Underweight Is Associated with a Higher Risk of Acute Pancreatitis in Type 2 Diabetes: A Nationwide Cohort Study

J. Clin. Med. 2022, 11(19), 5641; https://doi.org/10.3390/jcm11195641
by Young Hoon Choi 1,†, Kyung-Do Han 2,†, In Rae Cho 3, In Seok Lee 1, Ji Kon Ryu 3, Yong-Tae Kim 3, Kwang Hyun Chung 4,* and Sang Hyub Lee 3,*
Reviewer 1:
Reviewer 2:
J. Clin. Med. 2022, 11(19), 5641; https://doi.org/10.3390/jcm11195641
Submission received: 5 August 2022 / Revised: 20 September 2022 / Accepted: 21 September 2022 / Published: 25 September 2022
(This article belongs to the Special Issue Clinical Epidemiology of Diabetes and Its Complications)

Round 1

Reviewer 1 Report

I appreciate this study mostly as it uses a big amount of data and applies a considerable follow-up length. It is also analysed appropriately - research such as this can have big impact on medical science. 
On the other hand, my greatest concern is interest: we already know that underweight and obesity are associated with an increased risk of AP (the same stands for almost all diseases), this paper just demonstrates the same in diabetes. It is indeed the first one to examine this exact question (that i know of) and does so with big data and appropriate methods.
Some minor comments, questions:

In your methods you state: „Out of about ten million individuals that underwent the NHS program in 2009, 4,238,822 subjects, approximately 40%, were selected for this study. Why 40%? randomly or non-randomly?
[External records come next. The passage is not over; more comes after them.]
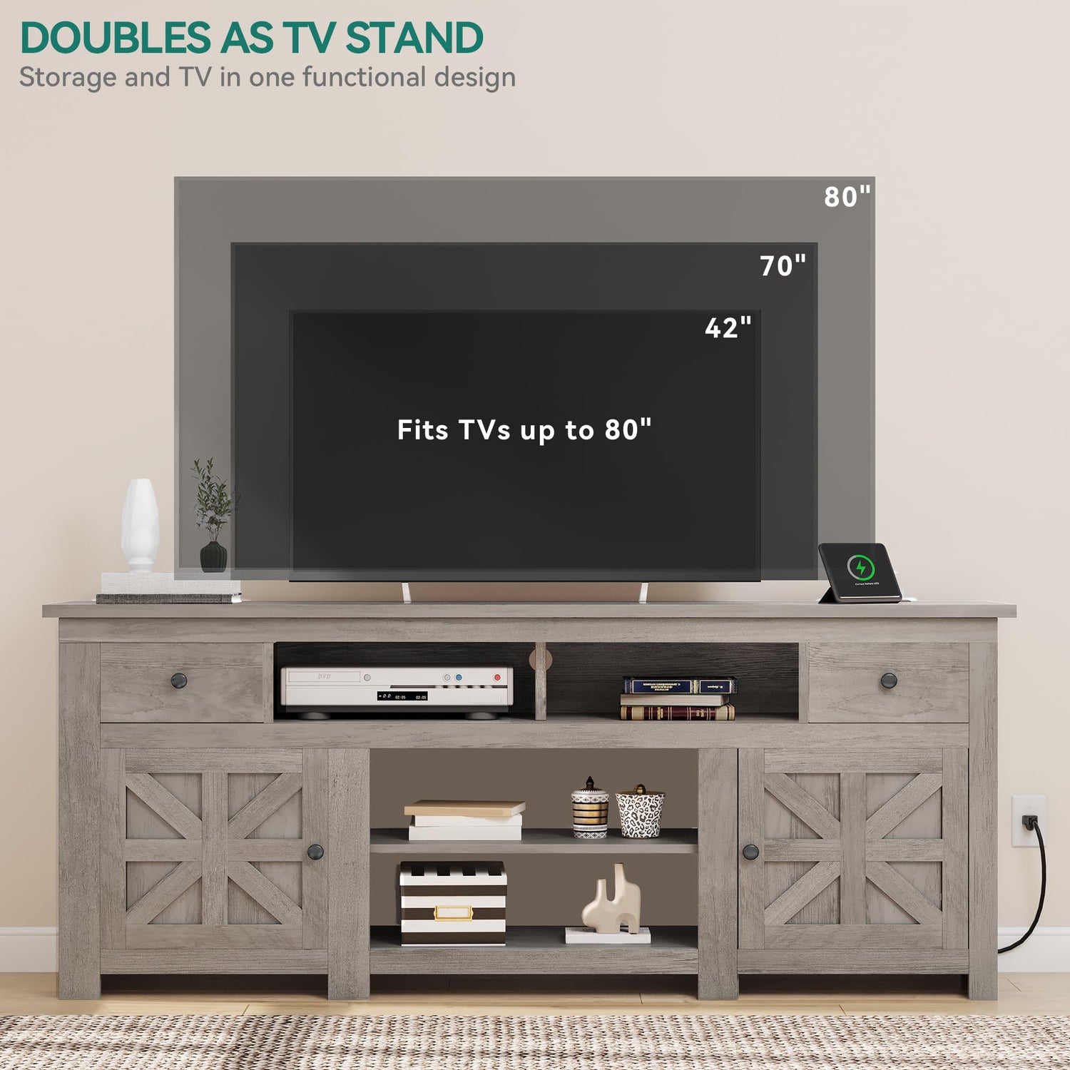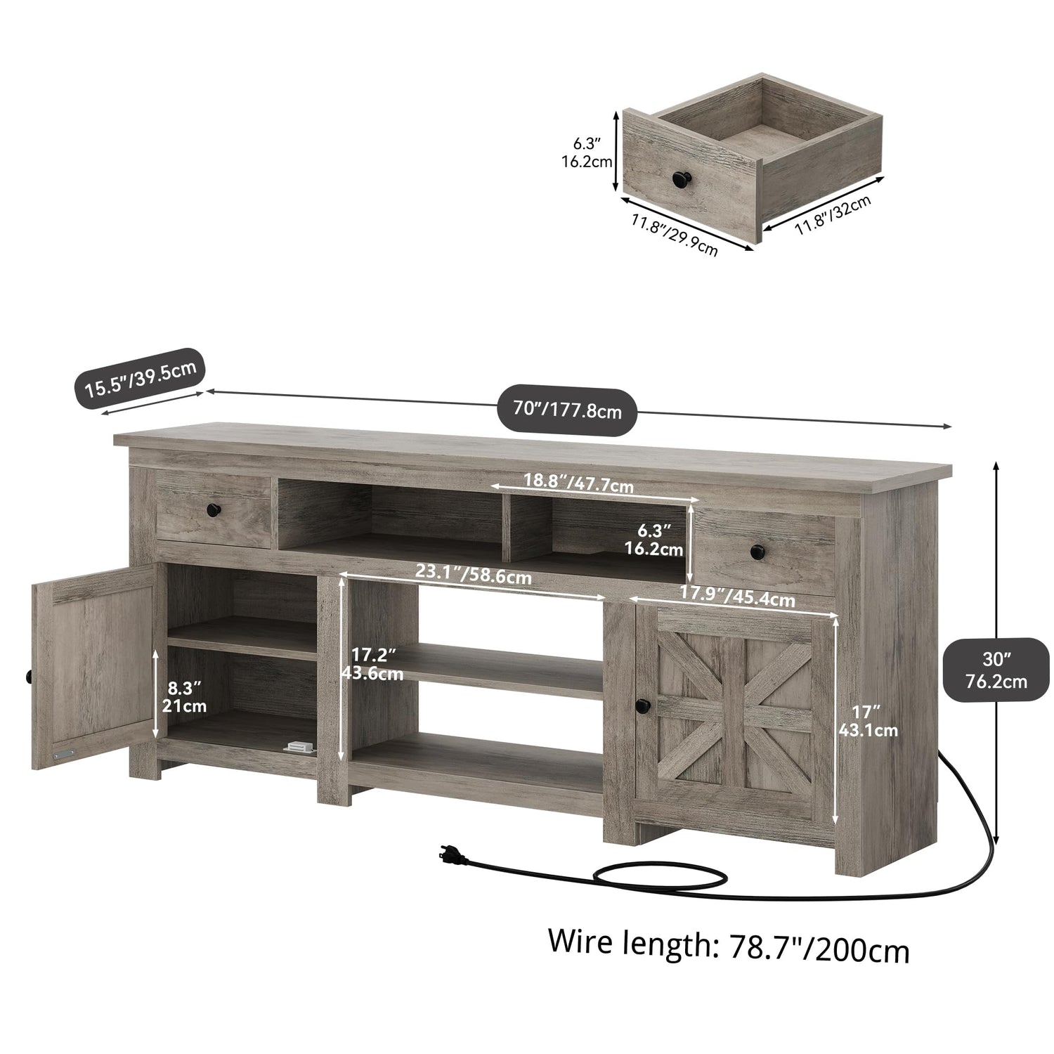 Details: This TV stand embodies a harmonious fusion of classic farmhouse allure and contemporary practicality. Boasting dimensions of 70 inches in length, 15.5 inches in width, and 30 inches in height, it can comfortably accommodate televisions up to 80 inches in size. Equipped with 2 spacious cabinets, 3 adjustable shelves, and 2 convenient drawers, this stand offers ample storage solutions to keep your living room organized and clutter-free. The built-in power outlet serves as a practical charging station, allowing you to easily power up your devices without the need for additional cords or adapters.
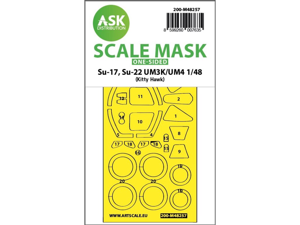 Art Scale Kit Distribution (ASK) stellt vorgestanzte und nummerierte Abdeckbögen für Plastikmodelle her. Die Masken sind in erster Linie für das Abkleben von Kabinen und Rädern gedacht, erleichtern aber auch das Abkleben anderer Teile des Modells. Jedes Kit wird für einen bestimmten Modellbausatz im entsprechenden Maßstab empfohlen, um maximale Genauigkeit und Benutzerfreundlichkeit zu gewährleisten.
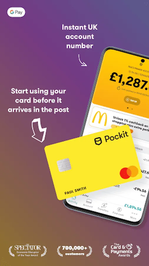 3. Start shopping today — add your Pockit card to Google Pay, check your instant card details and PIN in the app
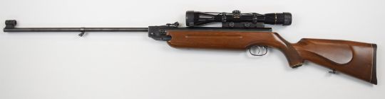 Weihrauch HW35 .22 air rifle with chequered semi-pistol grip, raised cheek piece, sling mounts, adjustable trigger and sights and Nikko Stirling Gold Crown 4x40 scope, serial number 884349.
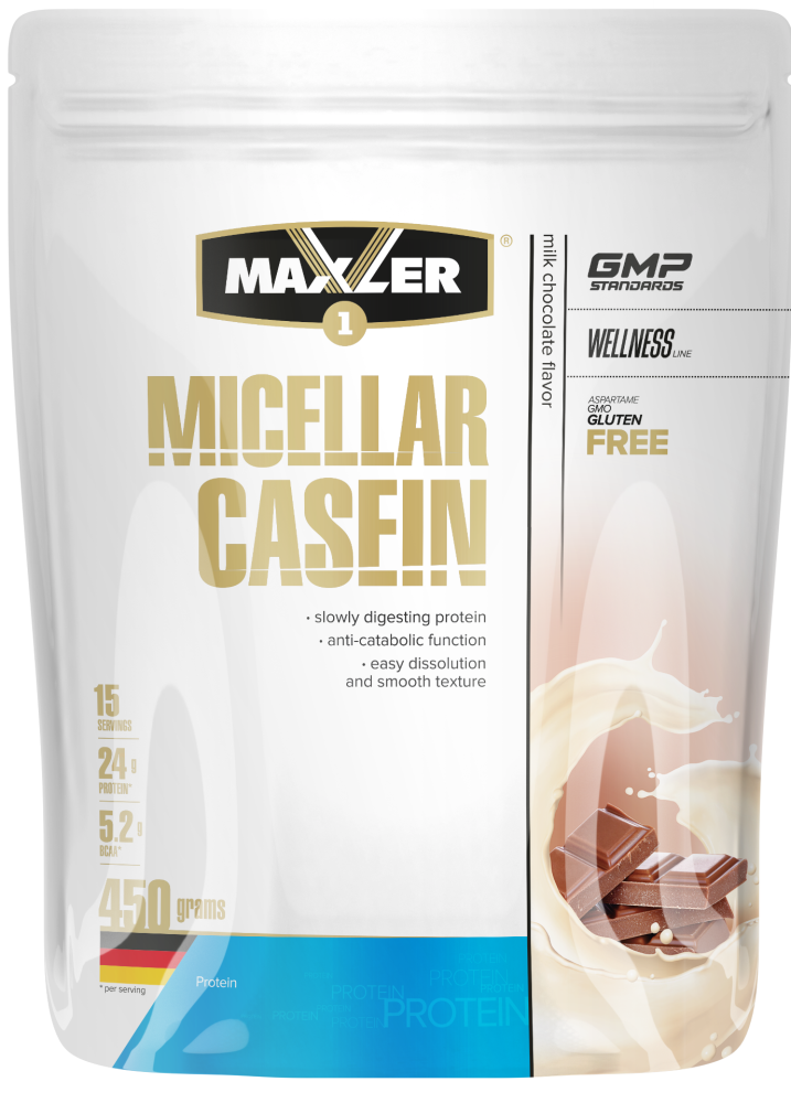 Многие спортсмены стремятся ускорить восстановление мышц и предотвратить их катаболизм во время сна. Именно в этих целях многие принимают казеин –медленно переваривающийся молочный протеин. Главное отличие казеина от сывороточного протеина заключается в том, что казеин усваивается намного дольше. Это значит, что он питает клетки аминокислотами на протяжении длительного периода времени. Многие исследования подтвердили, что казеин помогает ускорить рост мышечной массы, даёт чувство сытости и ускоряет восстановление после тренировок. Новый продукт от Макслер – Micellar Casein – имеет высокое содержание высококачественного протеина, а также БЦАА и Глутамина в каждой порции. Этот продукт производится из натуральных источников белка, имеет нежную кремовую текстуру и натуральный вкус.
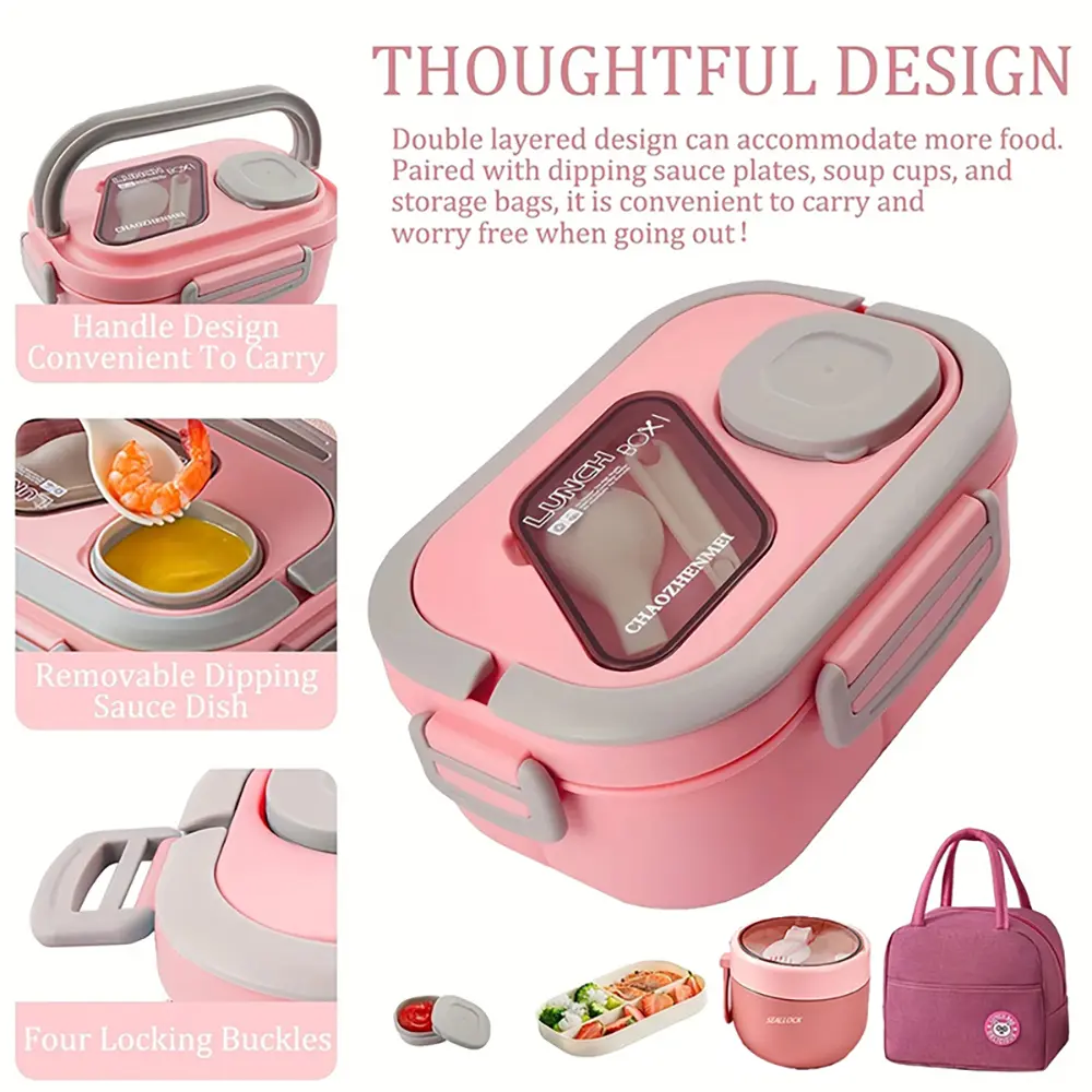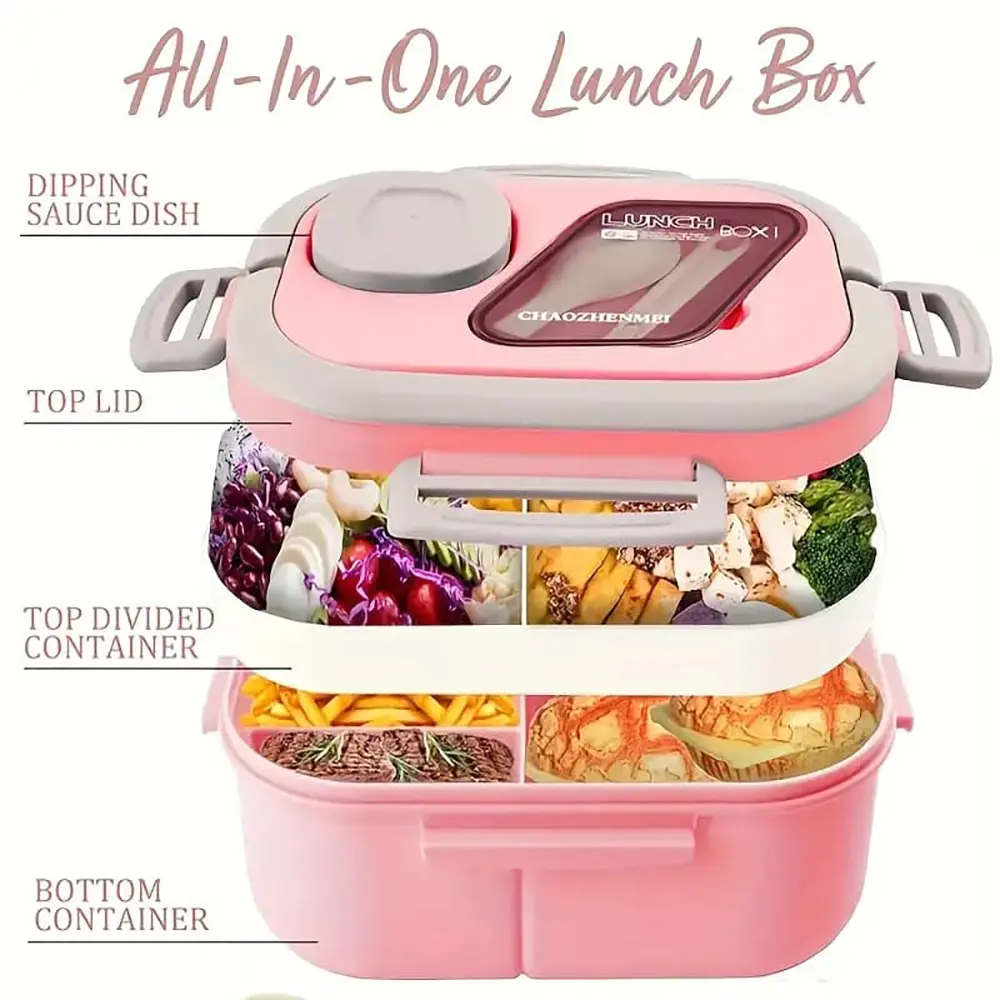 I recently got this double-layered bento box, and it's incredibly convenient! I really like its compartmentalized design; different foods can be kept separate, so there's no need to worry about them mixing together. I prepare it in the morning, and when I open it at lunchtime, is still fresh.
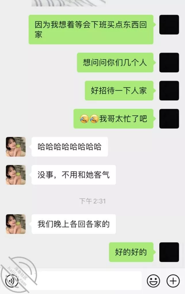 咱就是想偷拍都不知道从何下手,小嫂子要上班,我也要上班,回家后又是“各找各妈各回各房”的感觉,不过小嫂子今天倒是主动在聊天软件上叫我明天出去开小灶,当然是真真实实的开小灶吃饭,不是别的,是别的就更好了,我肯定不装君子了,今天回家也还是没看见小嫂子,因为她朋友过生日,就希望她不要喝太多酒吧, 酒这个东西喝起来就上头,想起来也是有点不放心,没啥图片放,放个简单的聊天记录和小嫂子的今日朋友圈吧,迷茫了迷茫了……

I am assuming that you categorised participants based on their glycemic status and BMI in 2009. There was a subanalysis of patients with a constant BMI (Figure 3), was there any accounting for changes in glycemic status over time? If not, this is an important point for your limitations.

On Figure 2, the Hazard ratio line connecting between glycemic status categories is inappropriate. Within group, between BMI categories it is ok, but there is no continuous transition e.g. from normal fpg bmi 30 or greater to IFG bmi less than 18.5.

 

Star signs indicating statistically not significant results instead of statistically significant results in unusual, although it is probably because most results are significant.

 

The description of Figure 3 was left as the default by error, please correct this.

 

There is a previous meta-analysis of nearly 2,000,000 participants, in which, while underweight was associated with a higher risk of pancreatitis, obesity was more dominant (https://www.ncbi.nlm.nih.gov/pmc/articles/PMC7990844/ Fig 2). Looking at your Figure 1, in your analysis, being underweight is considerably more dominant. Any idea about the difference? Were your unadjusted HRs closer to this pattern? Or is it a difference in population?

Author Response

Please see the attachment.

Author Response File: Author Response.docx

Reviewer 2 Report

In this study, the authors report an association between body mass index (BMI) and acute pancreatitis in patients with type 2 diabetes. There is a large number of cases included in the analysis, and the paper is concise. However, there are some parts of the paper that must be made clearer.

 

Major points

1. Authors said “Out of about ten million individuals that underwent the NHS program in 2009, 4,238,822 subjects, approximately 40%, were selected for this study.” I couldn’t understand how 4,238,822 patients were chosen. 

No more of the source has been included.